» **EXTRACTED RECORDS**:
-- -- --

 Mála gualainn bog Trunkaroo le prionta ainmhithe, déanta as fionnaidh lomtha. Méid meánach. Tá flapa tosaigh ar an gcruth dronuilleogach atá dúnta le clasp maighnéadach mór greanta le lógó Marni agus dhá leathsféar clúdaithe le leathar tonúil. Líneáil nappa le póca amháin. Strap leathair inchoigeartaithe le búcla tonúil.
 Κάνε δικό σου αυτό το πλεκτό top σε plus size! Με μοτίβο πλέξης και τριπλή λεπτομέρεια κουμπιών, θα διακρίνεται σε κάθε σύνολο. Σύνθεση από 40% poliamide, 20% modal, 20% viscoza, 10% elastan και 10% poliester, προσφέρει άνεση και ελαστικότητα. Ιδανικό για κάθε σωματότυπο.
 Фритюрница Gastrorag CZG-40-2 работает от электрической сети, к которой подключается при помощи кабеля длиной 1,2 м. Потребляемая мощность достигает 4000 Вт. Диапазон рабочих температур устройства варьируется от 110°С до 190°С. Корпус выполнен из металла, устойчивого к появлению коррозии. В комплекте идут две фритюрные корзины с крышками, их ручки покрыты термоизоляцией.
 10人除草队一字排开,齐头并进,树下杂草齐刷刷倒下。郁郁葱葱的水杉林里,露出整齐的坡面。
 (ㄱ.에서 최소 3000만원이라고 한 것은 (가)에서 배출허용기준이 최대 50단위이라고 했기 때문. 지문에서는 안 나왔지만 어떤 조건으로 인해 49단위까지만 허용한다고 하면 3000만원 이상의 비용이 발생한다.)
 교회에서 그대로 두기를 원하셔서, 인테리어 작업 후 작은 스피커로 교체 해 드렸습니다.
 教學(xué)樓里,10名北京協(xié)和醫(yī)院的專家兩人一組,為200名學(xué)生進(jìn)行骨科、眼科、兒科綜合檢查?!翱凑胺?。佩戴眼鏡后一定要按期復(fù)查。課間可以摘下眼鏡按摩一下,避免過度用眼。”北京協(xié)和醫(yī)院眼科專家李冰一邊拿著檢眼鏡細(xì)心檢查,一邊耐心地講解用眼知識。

-- -- --

» **WHAT YOU ARE ASKED TO DO**: Please quote nothing but the lines from the line with "Фритюрница Gastrorag CZG-40-2" through the end of the data above, exactly as written, ends included.

» **TASK ANSWER**:
 Фритюрница Gastrorag CZG-40-2 работает от электрической сети, к которой подключается при помощи кабеля длиной 1,2 м. Потребляемая мощность достигает 4000 Вт. Диапазон рабочих температур устройства варьируется от 110°С до 190°С. Корпус выполнен из металла, устойчивого к появлению коррозии. В комплекте идут две фритюрные корзины с крышками, их ручки покрыты термоизоляцией.
 10人除草队一字排开,齐头并进,树下杂草齐刷刷倒下。郁郁葱葱的水杉林里,露出整齐的坡面。
 (ㄱ.에서 최소 3000만원이라고 한 것은 (가)에서 배출허용기준이 최대 50단위이라고 했기 때문. 지문에서는 안 나왔지만 어떤 조건으로 인해 49단위까지만 허용한다고 하면 3000만원 이상의 비용이 발생한다.)
 교회에서 그대로 두기를 원하셔서, 인테리어 작업 후 작은 스피커로 교체 해 드렸습니다.
 教學(xué)樓里,10名北京協(xié)和醫(yī)院的專家兩人一組,為200名學(xué)生進(jìn)行骨科、眼科、兒科綜合檢查?!翱凑胺?。佩戴眼鏡后一定要按期復(fù)查。課間可以摘下眼鏡按摩一下,避免過度用眼。”北京協(xié)和醫(yī)院眼科專家李冰一邊拿著檢眼鏡細(xì)心檢查,一邊耐心地講解用眼知識。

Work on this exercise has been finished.